It was a question of getting up to the top of the castle, up to the ramparts, so I could look down over the sea gates that the rebels came out of, see the view towards Sorrento as they must have seen it on that last day of their liberty, as they were embarked on the transports that became their floating prisons.

A flight of stone steps led upwards. I mounted quickly, a sort of excitement possessing me, a sense of possible revelation up there on the heights. I would see where the rebels came out along the mole; I would see them, by a stretch of imagination, as he would have seen them, waiting in his anchored flagship out in the bay, telescope to his eye, noting with approval that they were not being accorded honours of war. Perhaps in this violation of the parallels, in this splicing of viewpoints, some essential clue might be vouchsafed me …

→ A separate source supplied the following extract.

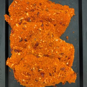 Ingredienten: varkensvlees met ham en kaas. tarwe (gluten), koemelk (melk), zout, zuursel (melk), rogge (gluten), dierlijk stremsel, nitrietpekelzout, e251, caroteen, maltodextrine, peterselie, drinkwater, glucosestroop, e450/e451, paprika concentraat, e300, e631 en e627
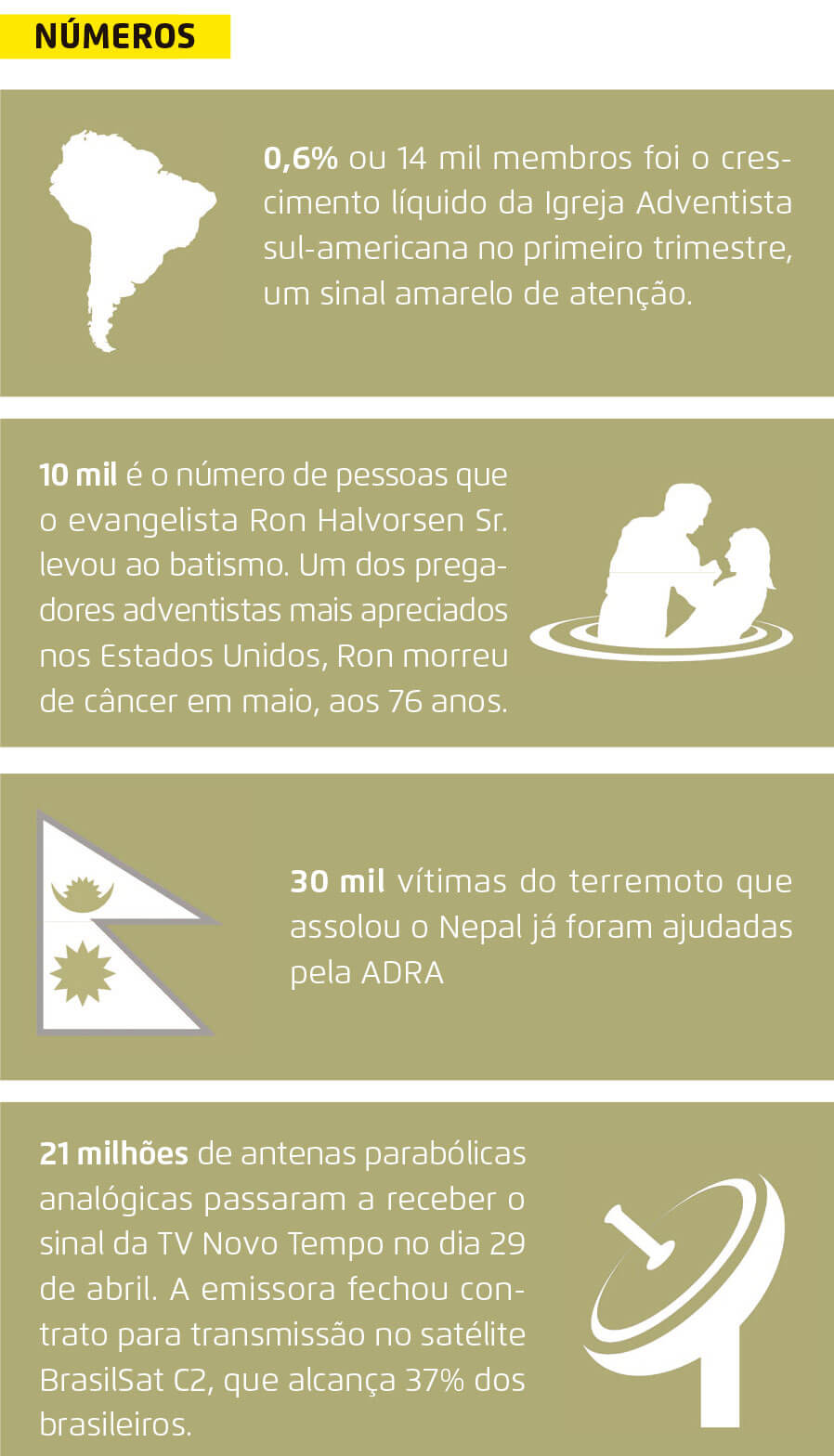 Por causa do terremoto de 7,8 graus na escala Richter que assolou o Nepal, no dia 25 de abril, uma avalanche passou a 50 metros de Ernesto Olivares Miranda, de 52 anos. O adventista chileno estava numa base de acampamento a 5,3 mil metros de altitude quando o tremor sacudiu a montanha mais alta do mundo. “Nesse momento, roguei a Deus que me permitisse abraçar uma vez mais minha família e lembrei- me da promessa do Salmo 91”, conta o alpinista, que se atirou no gelo para preservar a vida. Vinte pessoas morreram na avalanche e 8 mil no terremoto.

But on the broad stone landing of the second floor my way was barred by two attendants, who pressed with their palms at the air between us and uttered words I did not understand. I heard the slam of heavy doors closing. It seemed I was required to go down to the courtyard again. What had happened? It couldn’t be closing time, it wasn’t eleven yet. The attendants were shouting among themselves. A different sort of shouting came from the street outside, a heavy, reiterated chant. And from some invisible source high above, other voices, thinned by distance.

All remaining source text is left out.